Stored items from a collection
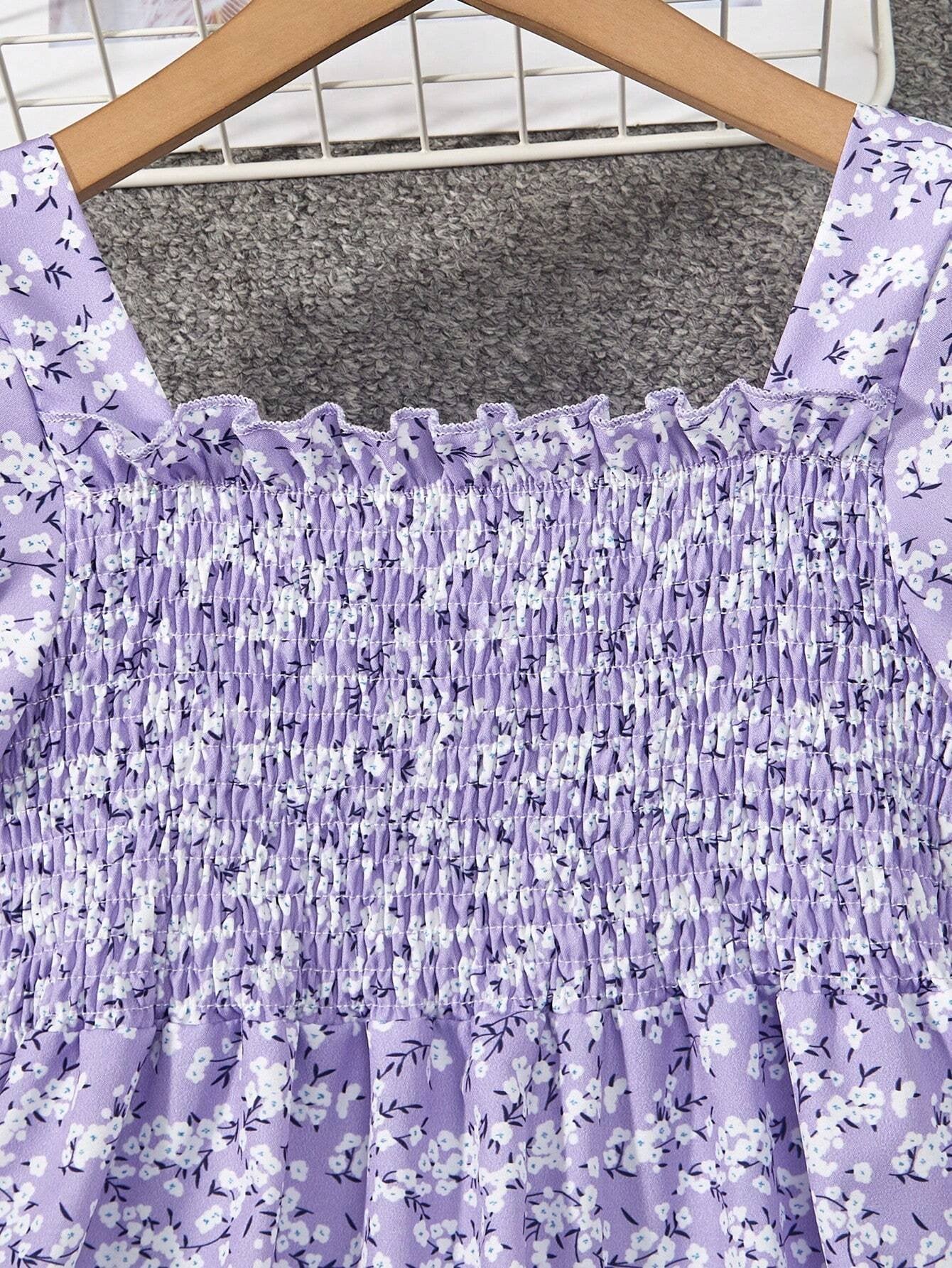 Vestido Floral Morado Para Niña Con Volantes Y Manga Farol
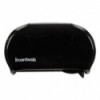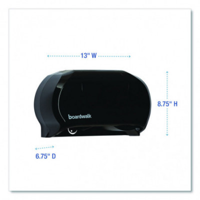 Twin tissue dispenser works to reduce run-outs and prevent waste. Compact double roll standard tissue dispenser takes up a minimum of space; perfect for small restrooms. Two-roll capacity with auto-transfer prevents paper run-outs, with second roll automatically sliding into place after initial roll is depleted. 1.5" mandrel.
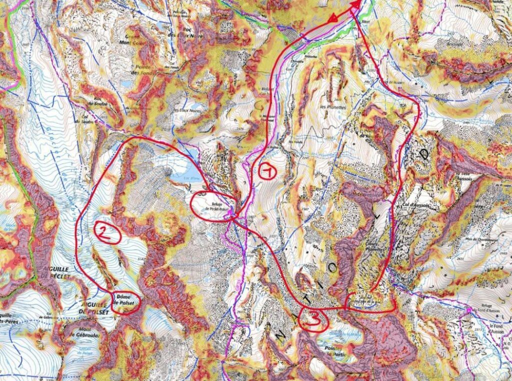 2 journées avec une météo magnifique, qui nous ont permis de parcourir le vallon menant à Péclet Polset, et le dôme de Polset. Nous avons pu pique-niquer au sommet du dôme :).
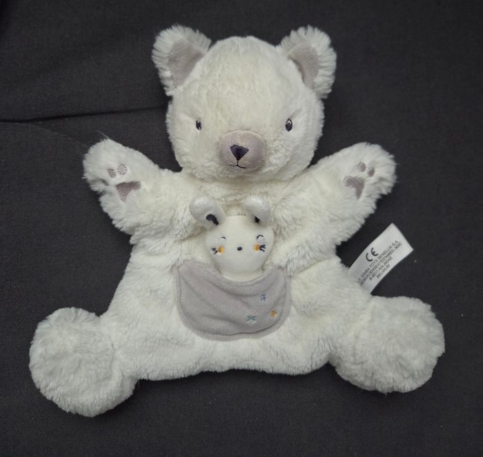 Doudou marionnette ours en velours fourrure de couleur blanc. Petite poche en velours de couleur grise sur le devant avec lapin .
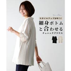 トップス ブラウス チュニック チュニックブラウス スタイルアップ 体型カバー サイドプリーツ シフォン襟 異素材
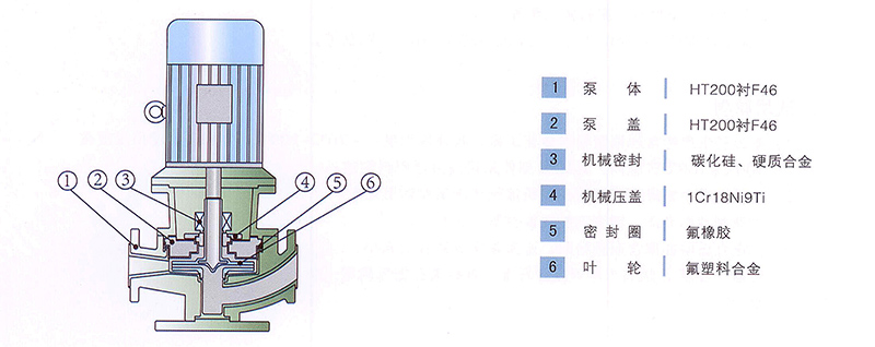 1、GF系列氟塑料管道泵為立式結構,進出口口徑相同,且位于同一中心線上;
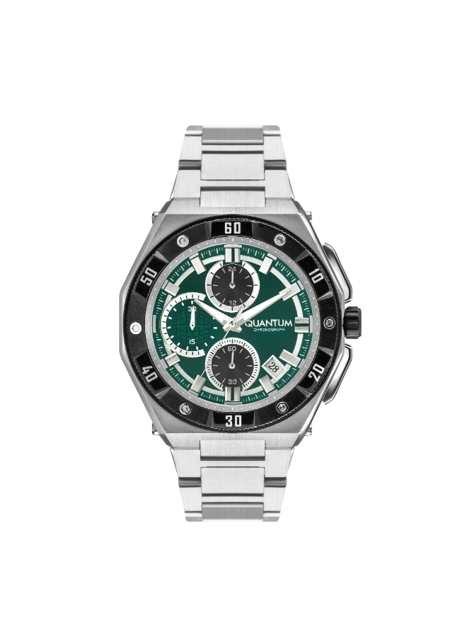 The Quantum HNG1011.370 is a men’s chronograph watch featuring a vibrant green dial and precise multifunction subdials.
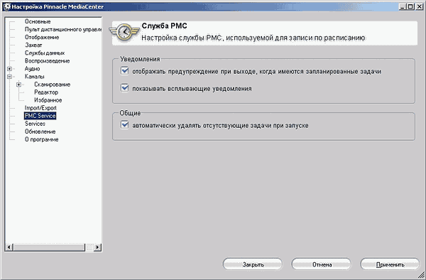 При использовании пульта ДУ крайне желательно не включать всплывающие уведомления в настройках сервиса для записи по расписанию. Их появление приводит к потере «фокуса» программы и необходимости вновь переключаться на неё (Alt-Tab, курсор мыши) для продолжения работы с пультом.
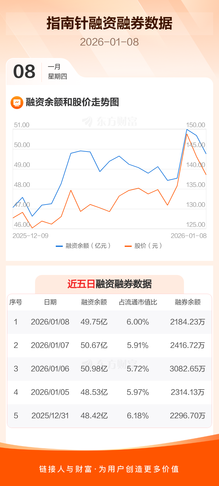 交易所最新数据显示,指南针于2026年1月8日获融资买入6.41亿元,融资偿还7.33亿元,当日融资净偿还9149.19万元。目前,该股融资余额49.75亿,占流通市值比例为6.00%。
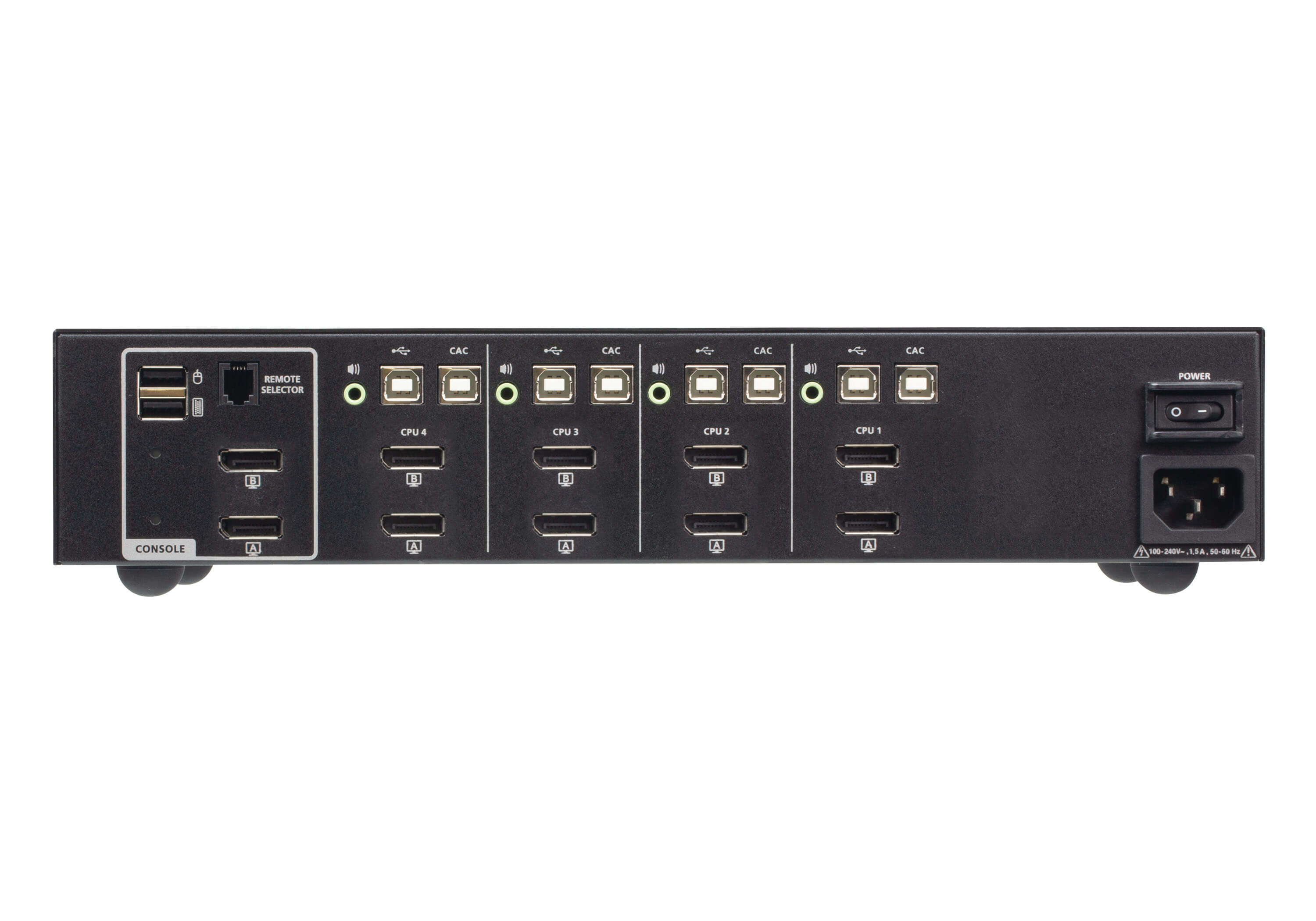 To enhance security, ATEN PSD PP v4.0 Secure KVM Switch CS1144DP4C only offers manual switching methods including front panel pushbuttons and Remote Port Selector (RPS) 1.With multi–layered security, ATEN PSD PP v4.0 Secure KVM Switch CS1144DP4C ensures high-level desktop security and data safekeeping for applications such as government and military agencies, healthcare providers, banking and finance institutions, and other organizations that often handle sensitive or confidential data on separate networks.
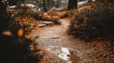 A narrow dirt trail meanders through a dense woodland during fall. The ground is blanketed with orange and brown leaves, and a small puddle reflects the overcast sky.
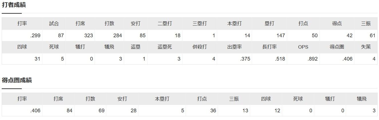 清宮(25) .299(284-85) 14 50 OPS.892←来年残しそうな成績
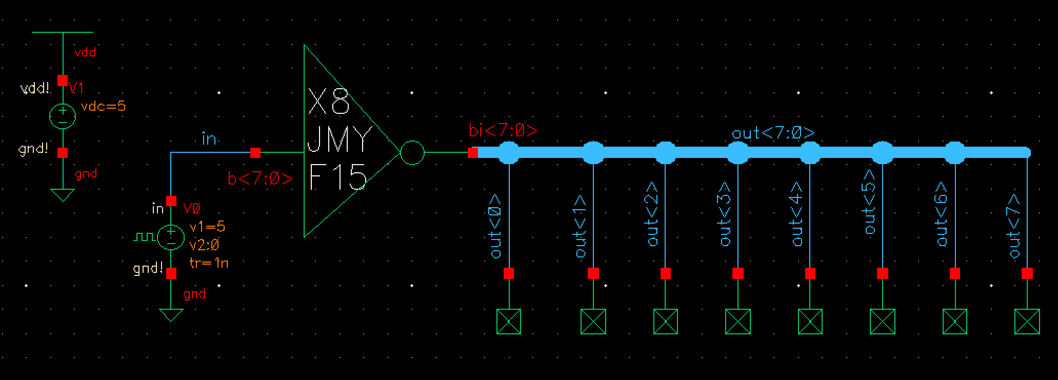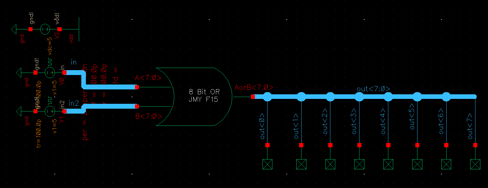 3. Create schematics and symbols for an 8-bit input/output array of: NAND, NOR, AND, inverter, and OR gates.
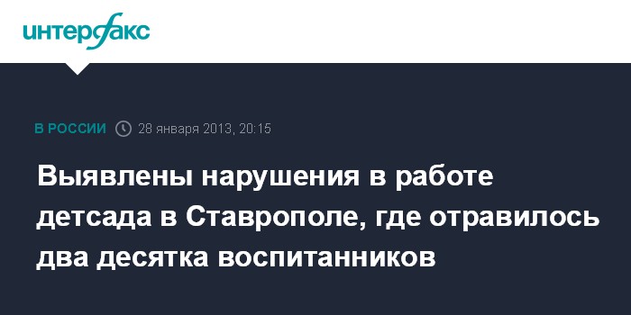 Ставрополь. 28 января. INTERFAX.RU - Прокуратура вынесла представление по результатам проверки в детском саду "Русь" в Ставрополе, 18 воспитанникам которого понадобилась медицинская помощь.
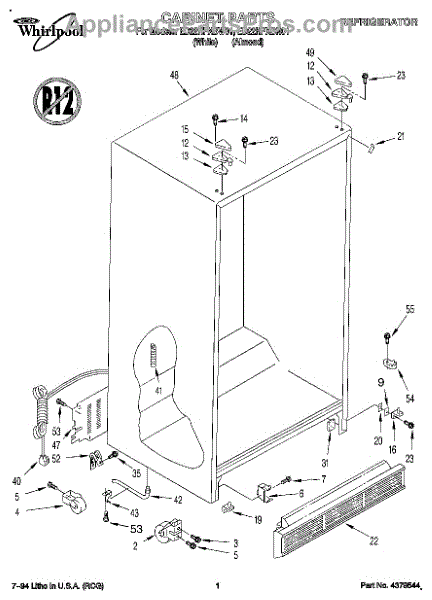 Parts for Whirlpool ED22HPXBW01: 01 - Cabinet Parts
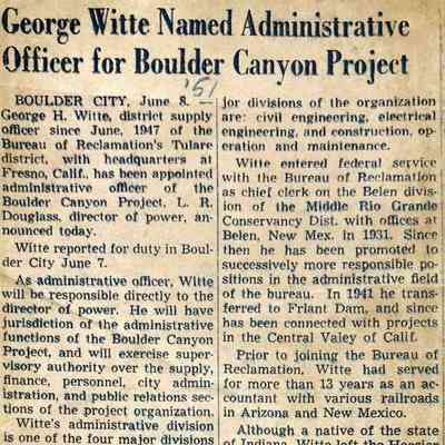 William Elmo Warne assistant commissioner, U.S. Bureau of Reclamation or assistant secretary, Dept. of the Interior
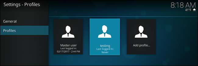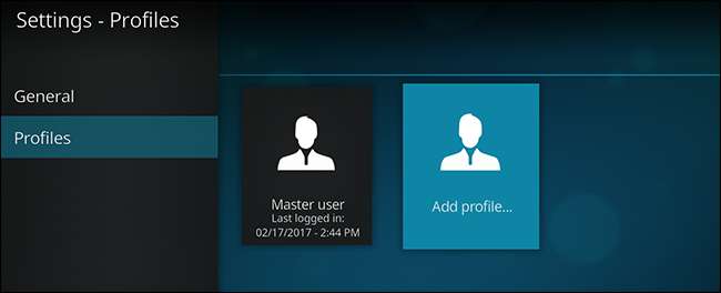 Nu uw profielen zijn ingesteld, vraagt u zich waarschijnlijk af hoe u tussen deze profielen kunt schakelen. Er zijn twee belangrijke manieren. De eenvoudigste is om het inlogscherm voor Kodi in te schakelen; je vindt de optie in het gedeelte Algemeen van het deelvenster Profielen in de instellingen.
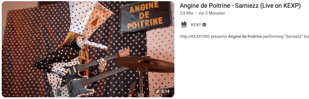 Mein erster Gedanke war: Ja, klar, diese Musik, dieser Auftritt, das Gesamtkunstwerk Angine de Poitrine passt ja genau in die Zeit! Alles verstörend. Vergesst die alten Schubladen, die Posen der Rocker, die Phrasen der Poeten, werft Buchstaben in die Suppe und löffelt frische Worte. In meinen Augen und Ohren kommentiert das Duo den Weltzustand, warum sonst nennen sie sich Angina Pectoris. Der Schmerz vor dem Infarkt ist ja spür- und sichtbar, auch im sonnigen Frühling, wenn uns Wale zum Sterben besuchen. Aber die Architektur des Untergangs wird anderswo gestaltet, unerreichbar für die Tentakel der Kunst. Guernica hat Gaza gezeigt, aber nicht gerettet. Hieronymus Bosch war der Hamas keine Warnung, sondern Ansporn. Und so weiter. Um den Kreis zu schließen: Mein zweiter Gedanke zu Angine de Poitrine war der gleiche wie der erste.
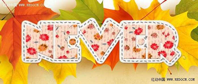 效果图虽然简单,不过制作的时候有点复杂。首先要做出描边的文字,描边部分要加上一些特殊的纹理和投影;然后给文字部分加上想要的布纹,同时用投影做出立体效果;再给文字描上缝纫线条即可。
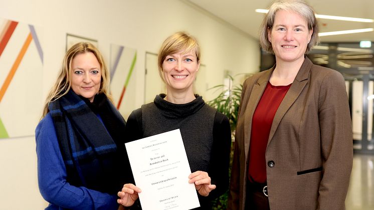 Bei der Urkundenübergabe Anfang Februar 2023 (v.l.): Prof.in Dr.in Jantje Halberstadt, Studiendekanin der Fakultät I, Prof.in Dr.in Annekatrin Bock - Stiftungsprofessorin für Medienforschung mit dem Schwerpunkt Digitalisierung der Bildung und damit wissenschaftliche Leitung des Medienkopetenzzentrums Vechta - und Prof.in Dr.in Verena Pietzner, Präsidentin der Universität Vechta

What you are asked to do
Using the data above, which lines fall from the one with "A narrow dirt" through the one with "3. Create schematics"? Repeat them exactly, ends included, minus any pictures.

Exercise result
 A narrow dirt trail meanders through a dense woodland during fall. The ground is blanketed with orange and brown leaves, and a small puddle reflects the overcast sky.
 清宮(25) .299(284-85) 14 50 OPS.892←来年残しそうな成績
 3. Create schematics and symbols for an 8-bit input/output array of: NAND, NOR, AND, inverter, and OR gates.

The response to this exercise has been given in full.